Dilihat dalam laman Setkab.go.id, harga eceran bahan bakar minyak masih sama. Yaitu minyak tanah (kerosine) sebesar Rp 2.500, bensin oktan 88 (premium) sebesar Rp 4.500, dan minyak solar sebesar Rp 4.500.
Berarti, dari harga tersebut, minyak tanah dan solar mengalami kenaikan. Sebelumnya dalam Pasal 2 Pepres Nomor 9 Tahun 2006 disebutkan harga ecer minyak tanah ditetapkan Rp 2.000, minyak solar Rp 4.300.
Tetapi di dalam Perpres ini juga diatur pembatasan secara bertahap penggunaan jenis BBM tertentu. Pasal 5 Ayat 2 Perpres ini menyebutkan tahapan pembatasan akan diatur oleh Menteri ESDM berdasarkan hasil Rakor yang dipimpin oleh Menko Perekonomian. "Jadi tanya langsung ke Pak Hatta," kata Dipo ditemui usai silaturahmi Presiden dengan wartawan, di Istana Negara, Senin 13 Februari 2012.
Ditemui di kesempatan yang sama, Menteri Koordinator Perekonomian Hatta Rajasa menyatakan inti Perpres baru ini adalah pembatasan penggunaan BBM tertentu oleh pengguna, diatur dalam pasal 4.

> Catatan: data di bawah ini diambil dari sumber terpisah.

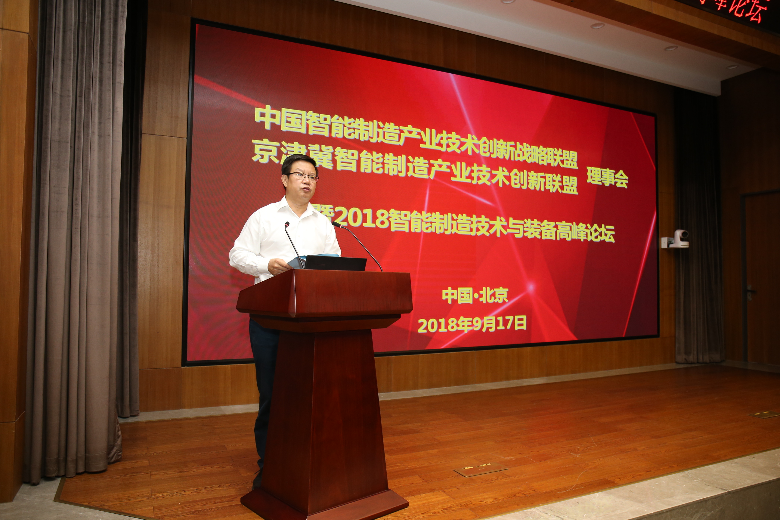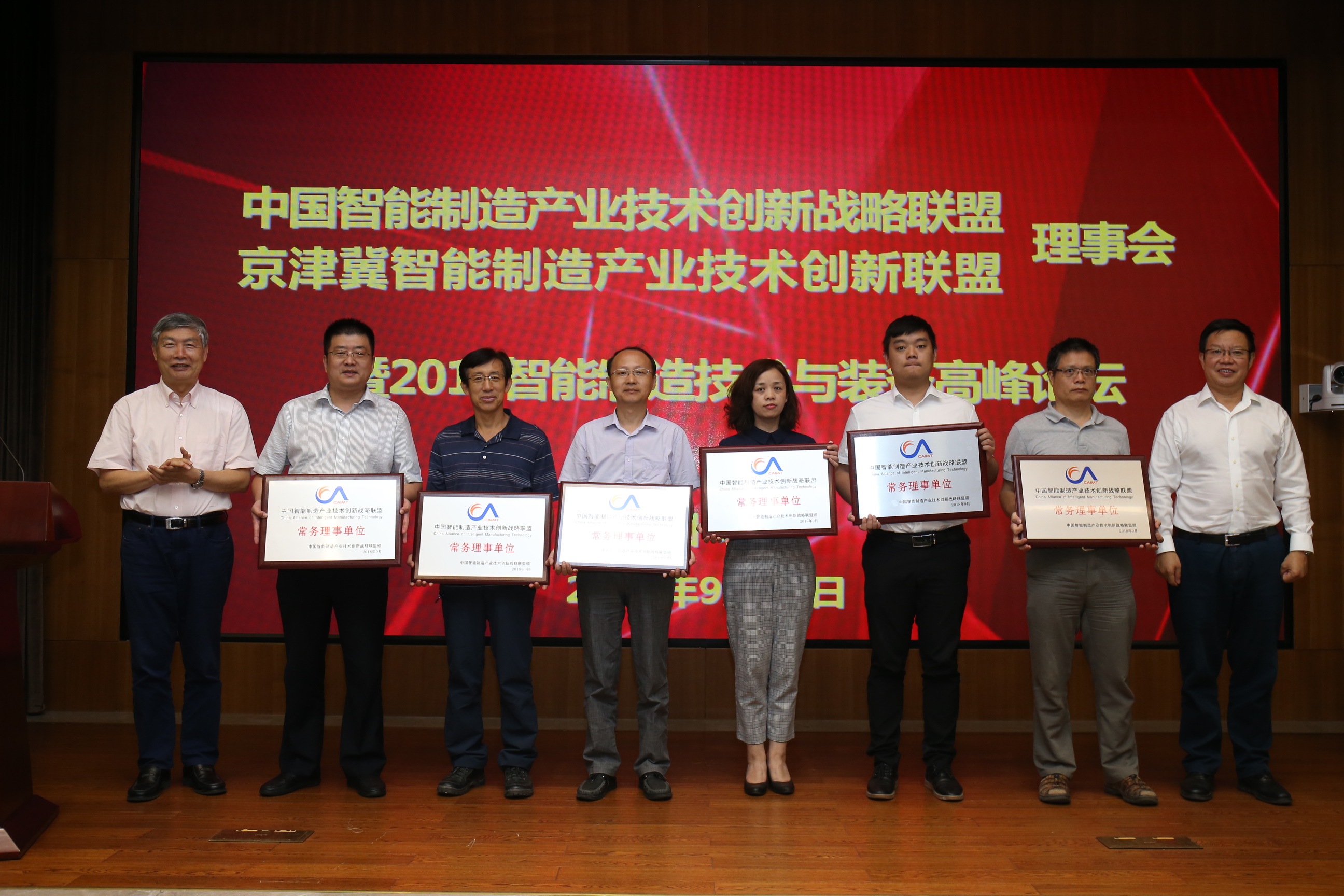 2018年9月17日,中国智能制造产业技术创新战略联盟、京津冀产业技术创新战略联盟暨2018智能制造技术与装备高峰论坛在京隆重举行。中国工程院原院长周济院士、联盟会长李培根院士、哈尔滨工业大学邓宗全院士、联盟理事长机械总院集团党委书记、董事长、总经理王德成、联盟副理事长中国船舶重工集团公司副总经理杜刚,联盟专家委员中国工程院制造业研究室专家董景辰、中国纺织机械器材工业协会总工程师祝宪民,中国一汽、中国中车、中国信通科技、西安交通大学等60家联盟理事单位、100余人参会,会议由机械总院集团副总经理、中国智能制造联盟专家常务副主任委员、秘书长单忠德主持。
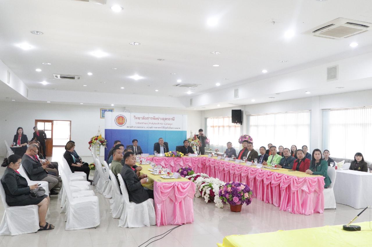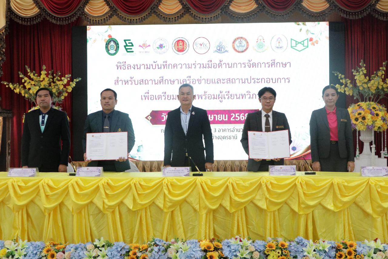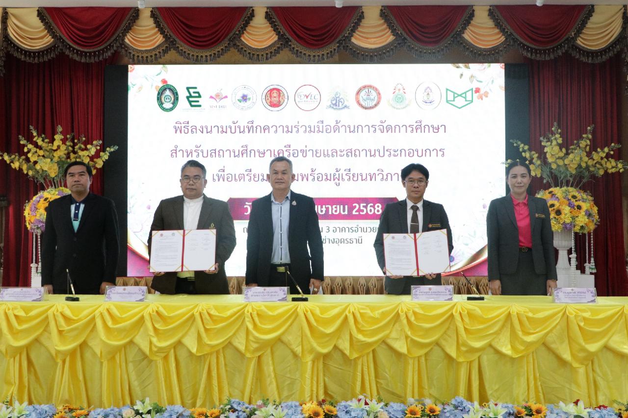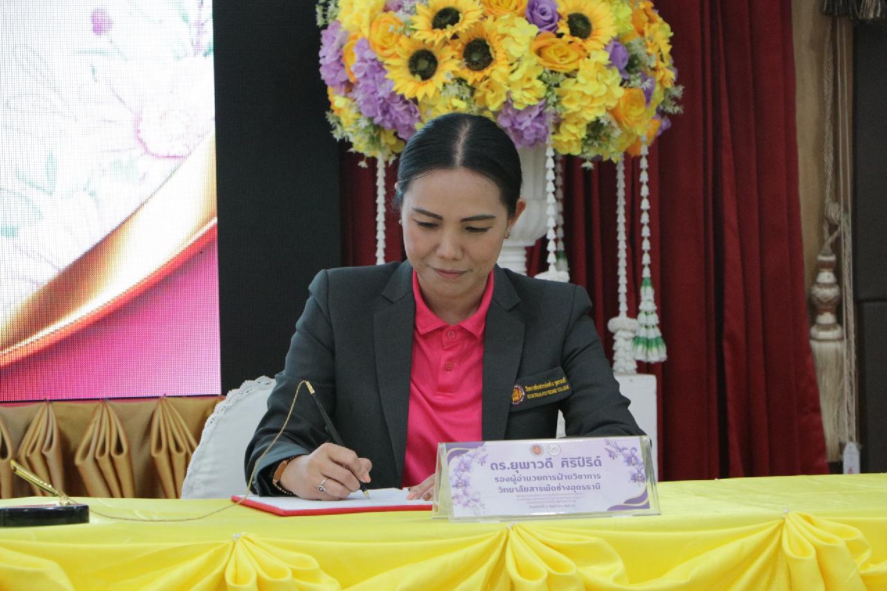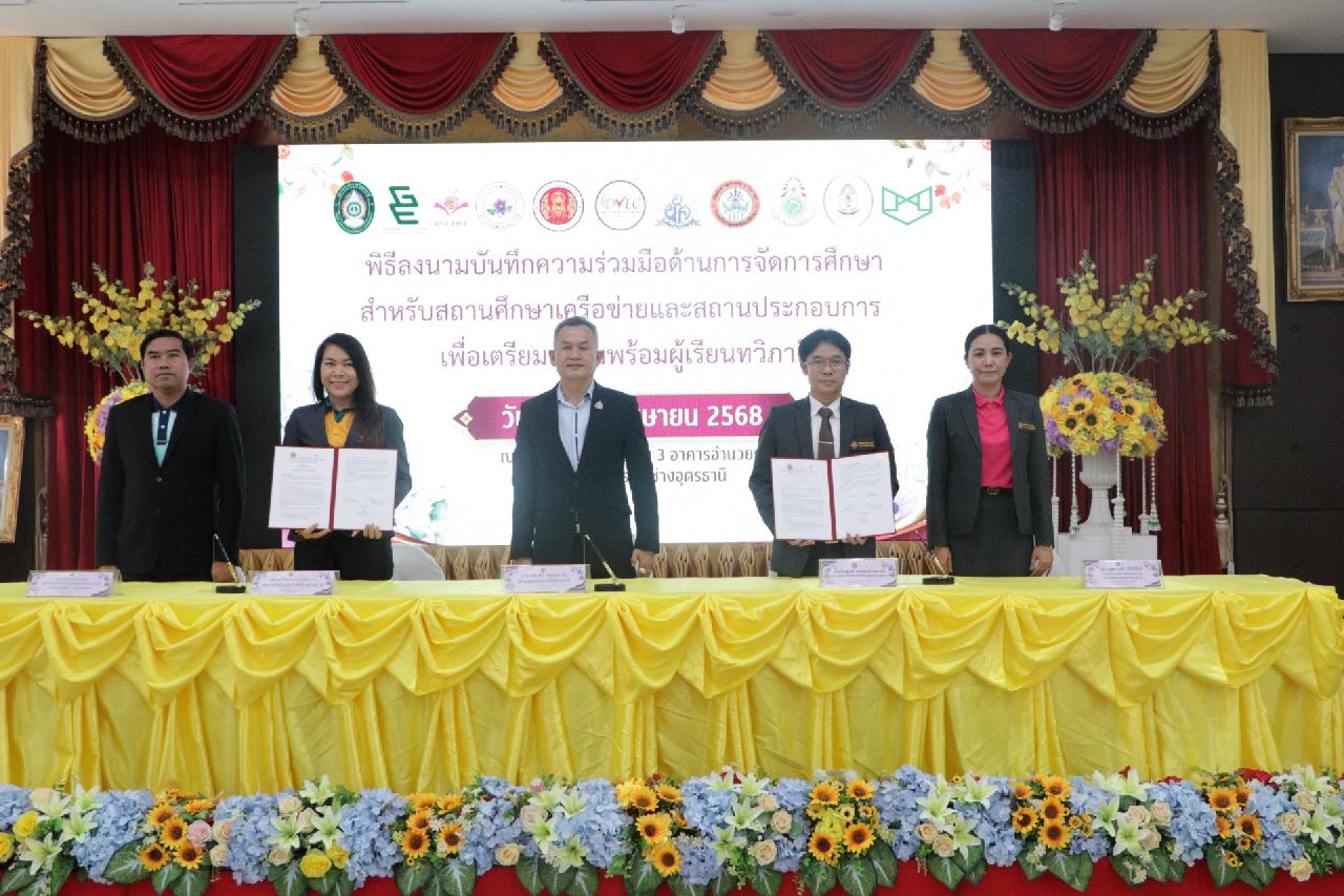วันศุกร์ ที่ 4 เมษายน 2568 นายไพฑูรย์ ธนพงศ์ภากรณ์ ผู้อำนวยการวิทยาลัยสารพัดช่างอุดรธานี พร้อมด้วย คณะผู้บริหาร, คณะครู และบุคลากรทางการศึกษา เข้าร่วมพิธีลงนามบันทึกความร่วมมือด้านการจัดการศึกษา สำหรับสถานศึกษาเครือข่ายและสถานประกอบการ เพื่อเตรียมความพร้อมผู้เรียนทวิภาคี ณ ห้องประชุมร่มไทร่ ชั้น 3 อาคารอำนวยการ วิทยาลัยสารพัดช่างอุดรธานี

Tetapi, Hatta melanjutkan, saat ini belum dibuat penjadwalan (timetable). Teknisnya secara lebih lanjut akan diatur oleh Menteri Energi dan Sumber Daya Mineral. "Presiden tidak mengatur segala macamnya, diserahkan kepada Menteri ESDM. Sekarang sedang mengatur pembatasan, opsi-opsi dengan Komisi VII," kata dia.
Sedang mengenai opsi kenaikan harga, kata Hatta, masih dalam pengajian. "Tidak boleh ditutup," kata Hatta.

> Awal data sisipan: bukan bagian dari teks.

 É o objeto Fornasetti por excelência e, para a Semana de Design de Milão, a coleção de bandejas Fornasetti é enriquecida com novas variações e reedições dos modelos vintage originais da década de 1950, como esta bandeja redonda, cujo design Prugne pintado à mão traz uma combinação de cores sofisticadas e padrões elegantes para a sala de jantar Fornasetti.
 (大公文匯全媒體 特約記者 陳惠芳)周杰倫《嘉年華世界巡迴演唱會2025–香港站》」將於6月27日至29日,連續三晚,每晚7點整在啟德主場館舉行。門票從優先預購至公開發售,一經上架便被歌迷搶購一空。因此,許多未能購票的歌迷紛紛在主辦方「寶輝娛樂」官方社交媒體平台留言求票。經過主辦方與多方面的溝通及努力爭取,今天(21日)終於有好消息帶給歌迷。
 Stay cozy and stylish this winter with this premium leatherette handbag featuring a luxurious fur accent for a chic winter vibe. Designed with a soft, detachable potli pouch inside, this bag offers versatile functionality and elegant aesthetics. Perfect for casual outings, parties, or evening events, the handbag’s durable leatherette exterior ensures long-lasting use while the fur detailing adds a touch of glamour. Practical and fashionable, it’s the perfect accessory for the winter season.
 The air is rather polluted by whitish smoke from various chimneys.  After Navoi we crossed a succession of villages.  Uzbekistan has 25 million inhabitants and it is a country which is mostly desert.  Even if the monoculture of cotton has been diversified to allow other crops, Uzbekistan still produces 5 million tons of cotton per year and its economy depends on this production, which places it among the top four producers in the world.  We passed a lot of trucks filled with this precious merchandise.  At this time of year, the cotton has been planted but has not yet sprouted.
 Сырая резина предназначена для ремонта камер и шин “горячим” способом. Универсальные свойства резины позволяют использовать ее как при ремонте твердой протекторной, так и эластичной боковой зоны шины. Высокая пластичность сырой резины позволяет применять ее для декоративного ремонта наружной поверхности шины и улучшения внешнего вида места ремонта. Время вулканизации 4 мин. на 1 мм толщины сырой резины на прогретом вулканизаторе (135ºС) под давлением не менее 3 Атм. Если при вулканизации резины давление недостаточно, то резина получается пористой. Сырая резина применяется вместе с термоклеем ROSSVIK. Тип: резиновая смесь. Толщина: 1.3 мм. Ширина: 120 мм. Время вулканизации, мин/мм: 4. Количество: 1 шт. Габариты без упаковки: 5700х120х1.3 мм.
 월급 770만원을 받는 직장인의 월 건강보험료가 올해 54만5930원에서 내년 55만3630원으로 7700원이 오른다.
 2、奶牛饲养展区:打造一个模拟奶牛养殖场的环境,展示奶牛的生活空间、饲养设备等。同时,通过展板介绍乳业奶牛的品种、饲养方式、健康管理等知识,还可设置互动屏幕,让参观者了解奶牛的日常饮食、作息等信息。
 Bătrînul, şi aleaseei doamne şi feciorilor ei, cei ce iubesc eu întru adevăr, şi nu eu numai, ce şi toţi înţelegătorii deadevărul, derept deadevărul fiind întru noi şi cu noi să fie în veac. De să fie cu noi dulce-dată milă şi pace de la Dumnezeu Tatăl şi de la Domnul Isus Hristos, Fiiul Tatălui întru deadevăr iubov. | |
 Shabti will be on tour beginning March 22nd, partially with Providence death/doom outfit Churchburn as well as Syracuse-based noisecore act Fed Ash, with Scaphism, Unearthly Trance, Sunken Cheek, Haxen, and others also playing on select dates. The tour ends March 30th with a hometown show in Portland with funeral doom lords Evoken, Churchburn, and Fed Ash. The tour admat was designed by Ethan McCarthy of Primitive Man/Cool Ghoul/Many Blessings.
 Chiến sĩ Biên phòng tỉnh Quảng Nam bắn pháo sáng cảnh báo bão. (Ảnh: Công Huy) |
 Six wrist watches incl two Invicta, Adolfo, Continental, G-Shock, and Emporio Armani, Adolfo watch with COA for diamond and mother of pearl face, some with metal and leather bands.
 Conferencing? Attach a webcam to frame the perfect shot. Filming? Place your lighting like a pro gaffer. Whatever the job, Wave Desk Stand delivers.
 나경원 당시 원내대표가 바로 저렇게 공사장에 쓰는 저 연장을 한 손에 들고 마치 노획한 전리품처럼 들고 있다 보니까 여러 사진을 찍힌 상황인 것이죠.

Menteri ESDM Jero Wacik menegaskan penandatangan Perpres tidak berarti opsi-opsi lain, termasuk kenaikan harga, tidak bisa dilanjutkan. "Seperti Pak Presiden bilang kalau harga minya naik berarti ada kontigensi," kata dia.
Sebelumnya dalam silaturahmi bersama dengan wartawan, Presiden Susilo Bambang Yudhoyono menjelaskan jika ada kenaikan harga BBM yang terlalu drastis sehingga menimbulkan beban fiskal, atau disebut juga kontigensi, maka ada kemungkinan mengurangi subsidi (menaikkan harga). "Tetapi karena sekarang ada klousul tidak bisa menaikan harga bbm maka proses konsul kita lakukan dengan DPR," kata dia.

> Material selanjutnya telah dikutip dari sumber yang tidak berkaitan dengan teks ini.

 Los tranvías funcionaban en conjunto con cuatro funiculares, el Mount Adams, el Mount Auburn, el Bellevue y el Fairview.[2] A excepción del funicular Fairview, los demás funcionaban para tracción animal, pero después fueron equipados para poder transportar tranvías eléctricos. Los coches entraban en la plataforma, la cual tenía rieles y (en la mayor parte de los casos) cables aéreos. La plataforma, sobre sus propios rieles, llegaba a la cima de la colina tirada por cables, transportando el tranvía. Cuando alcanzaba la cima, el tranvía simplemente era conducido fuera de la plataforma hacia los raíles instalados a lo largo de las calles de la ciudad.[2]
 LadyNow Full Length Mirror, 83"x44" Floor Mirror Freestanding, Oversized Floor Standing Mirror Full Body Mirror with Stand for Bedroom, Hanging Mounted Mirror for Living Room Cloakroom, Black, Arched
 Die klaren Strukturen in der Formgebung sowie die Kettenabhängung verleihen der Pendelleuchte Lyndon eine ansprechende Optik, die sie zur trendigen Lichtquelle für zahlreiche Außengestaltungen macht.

Begitu pula dengan konversi BBM menjadi BBG, dirasa Presiden membutuhkan waktu, proses dan persiapan tersendiri. "Sungguhpun kalau kita mulai sekarang tetap memerlukan waktu tapi ini pilihan dan ini policy dan ini bisa kita melakukan lagi untuk mengubah bbm menjadi murah," kata dia.